• **WHAT YOU ARE ASKED TO DO**
Print the lines in the listing below starting at the line with "Ингредиенты для приготовления" and ending at the line with "The Double Room", both included. Reproduce them exactly and omit every picture.

• **SUPPLIED MATERIAL**
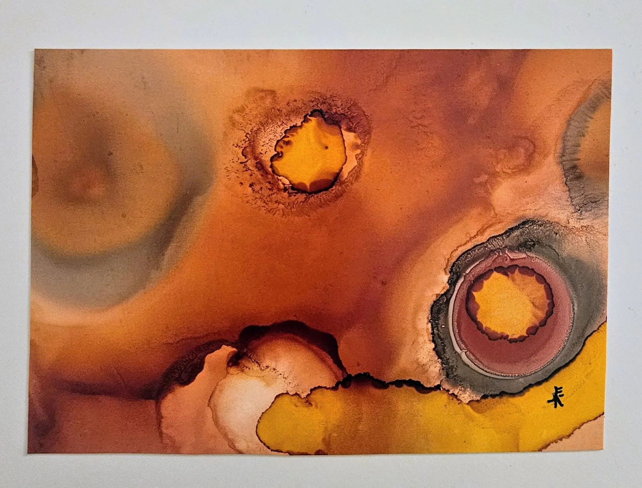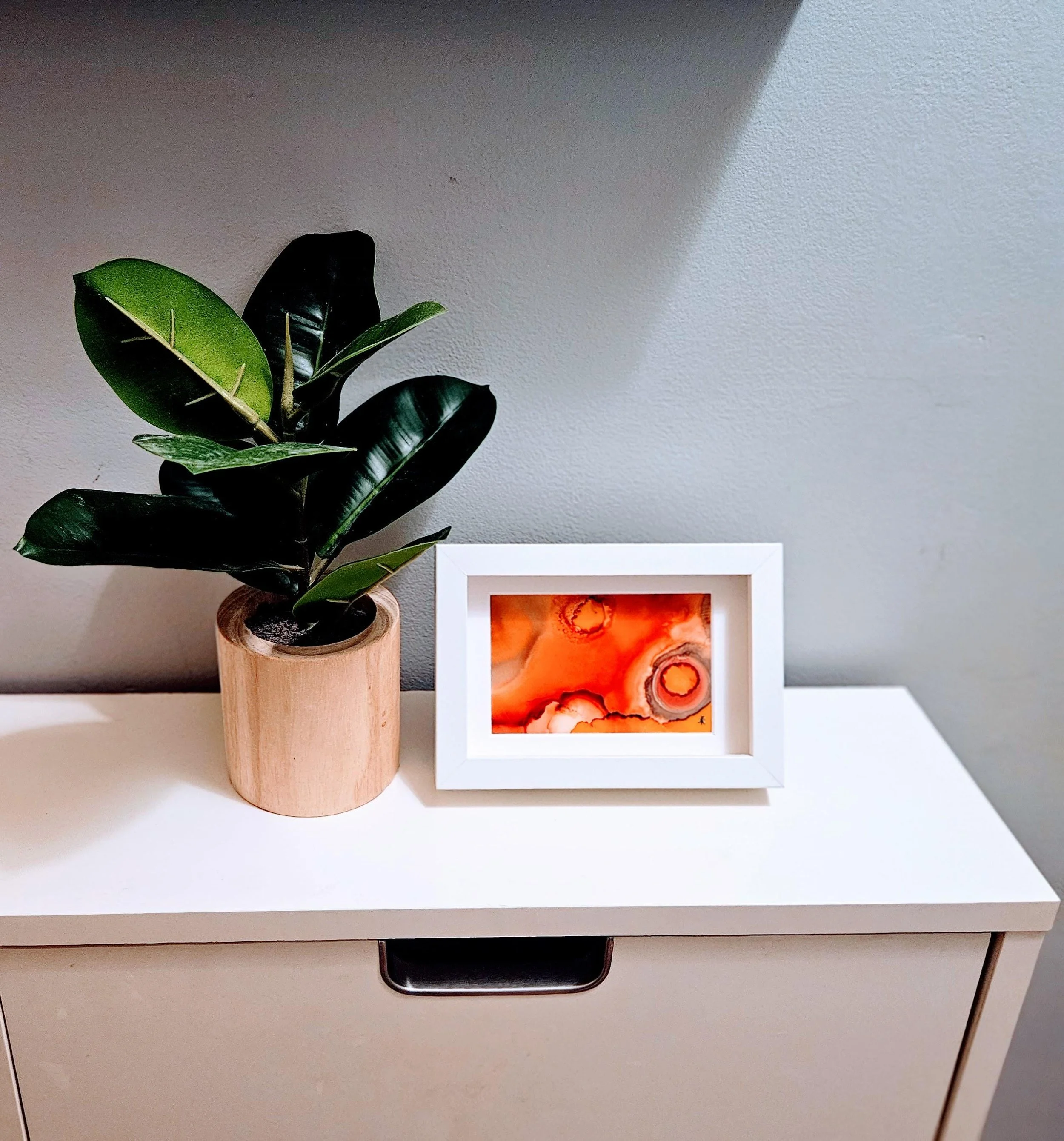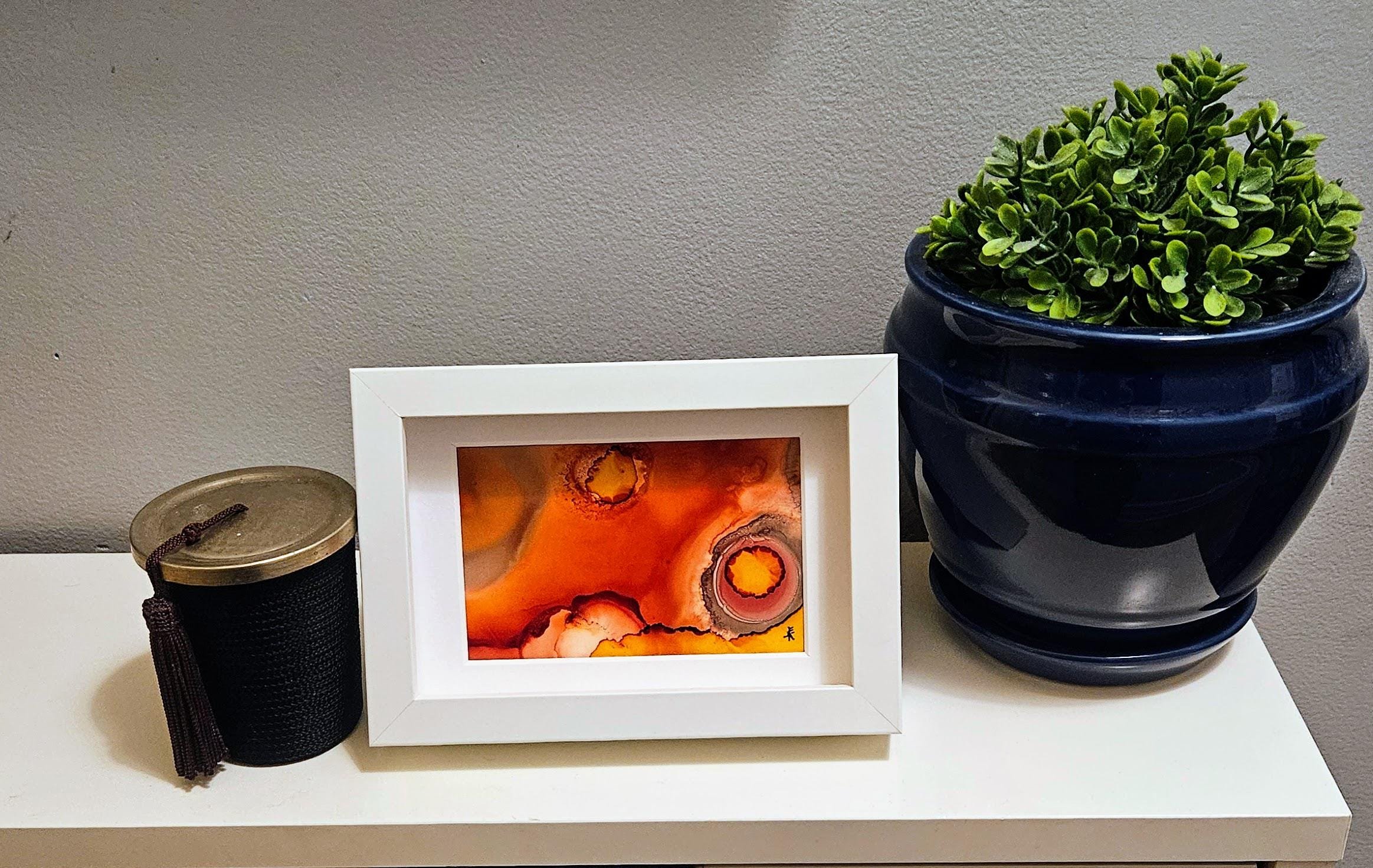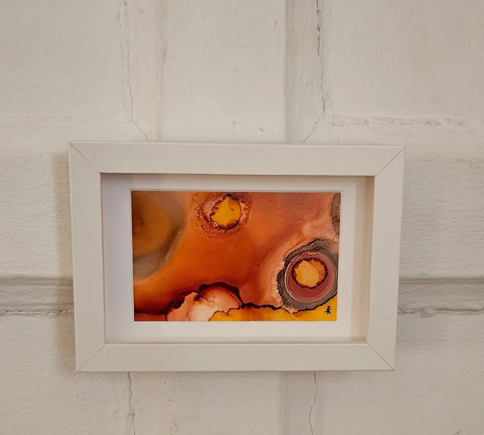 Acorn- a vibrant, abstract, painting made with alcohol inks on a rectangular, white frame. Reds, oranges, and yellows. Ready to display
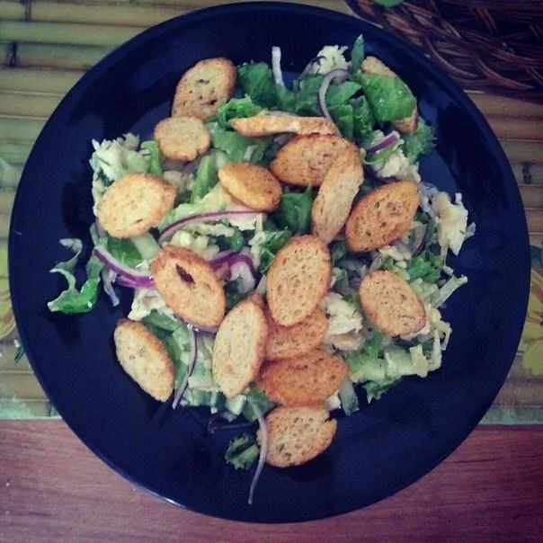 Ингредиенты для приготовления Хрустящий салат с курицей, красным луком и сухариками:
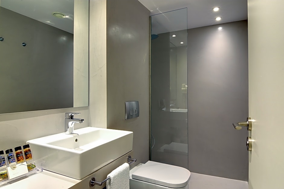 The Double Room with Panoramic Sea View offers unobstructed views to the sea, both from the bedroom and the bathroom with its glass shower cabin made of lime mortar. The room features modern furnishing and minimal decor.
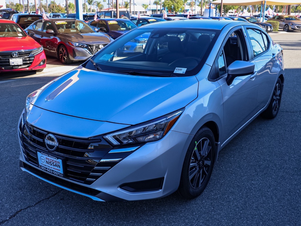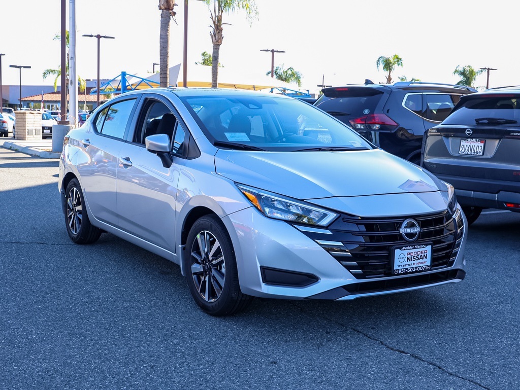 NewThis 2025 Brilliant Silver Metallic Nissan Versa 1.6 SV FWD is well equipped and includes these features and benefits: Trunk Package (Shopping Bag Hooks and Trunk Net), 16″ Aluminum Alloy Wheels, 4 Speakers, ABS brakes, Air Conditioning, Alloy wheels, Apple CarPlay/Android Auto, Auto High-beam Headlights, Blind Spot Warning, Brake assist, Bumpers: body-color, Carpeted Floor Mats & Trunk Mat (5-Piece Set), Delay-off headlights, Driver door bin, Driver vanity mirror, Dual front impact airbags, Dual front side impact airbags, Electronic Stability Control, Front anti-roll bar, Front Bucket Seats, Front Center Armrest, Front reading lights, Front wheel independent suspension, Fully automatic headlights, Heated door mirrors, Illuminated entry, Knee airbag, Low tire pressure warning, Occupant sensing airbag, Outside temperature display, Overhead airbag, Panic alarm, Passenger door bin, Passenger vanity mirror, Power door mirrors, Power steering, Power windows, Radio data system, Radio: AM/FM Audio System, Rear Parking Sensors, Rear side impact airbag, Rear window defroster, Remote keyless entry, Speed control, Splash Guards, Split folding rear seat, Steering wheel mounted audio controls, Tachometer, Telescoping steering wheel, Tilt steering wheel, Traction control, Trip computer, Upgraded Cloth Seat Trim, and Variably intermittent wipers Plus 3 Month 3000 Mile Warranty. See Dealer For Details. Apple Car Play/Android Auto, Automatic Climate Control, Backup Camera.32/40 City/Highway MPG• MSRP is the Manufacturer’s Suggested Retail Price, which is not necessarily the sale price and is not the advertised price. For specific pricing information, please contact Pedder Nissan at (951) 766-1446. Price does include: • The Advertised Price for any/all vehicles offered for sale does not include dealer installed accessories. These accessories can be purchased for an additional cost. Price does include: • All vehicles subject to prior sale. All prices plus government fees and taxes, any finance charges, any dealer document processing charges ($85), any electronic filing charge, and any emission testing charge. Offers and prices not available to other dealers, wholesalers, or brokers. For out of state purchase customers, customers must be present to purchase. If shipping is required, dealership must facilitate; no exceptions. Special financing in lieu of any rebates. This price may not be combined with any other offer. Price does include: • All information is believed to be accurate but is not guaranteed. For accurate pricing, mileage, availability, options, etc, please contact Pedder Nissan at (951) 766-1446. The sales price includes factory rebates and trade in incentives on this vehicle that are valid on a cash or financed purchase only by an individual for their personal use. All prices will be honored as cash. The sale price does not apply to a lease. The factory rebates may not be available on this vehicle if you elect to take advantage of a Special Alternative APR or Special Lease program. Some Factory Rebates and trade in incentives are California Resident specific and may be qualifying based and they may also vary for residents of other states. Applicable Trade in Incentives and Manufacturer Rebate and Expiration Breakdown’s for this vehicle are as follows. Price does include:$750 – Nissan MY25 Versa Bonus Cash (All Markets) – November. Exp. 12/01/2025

• **ANSWER TO THE EXERCISE**
 Ингредиенты для приготовления Хрустящий салат с курицей, красным луком и сухариками:
 The Double Room with Panoramic Sea View offers unobstructed views to the sea, both from the bedroom and the bathroom with its glass shower cabin made of lime mortar. The room features modern furnishing and minimal decor.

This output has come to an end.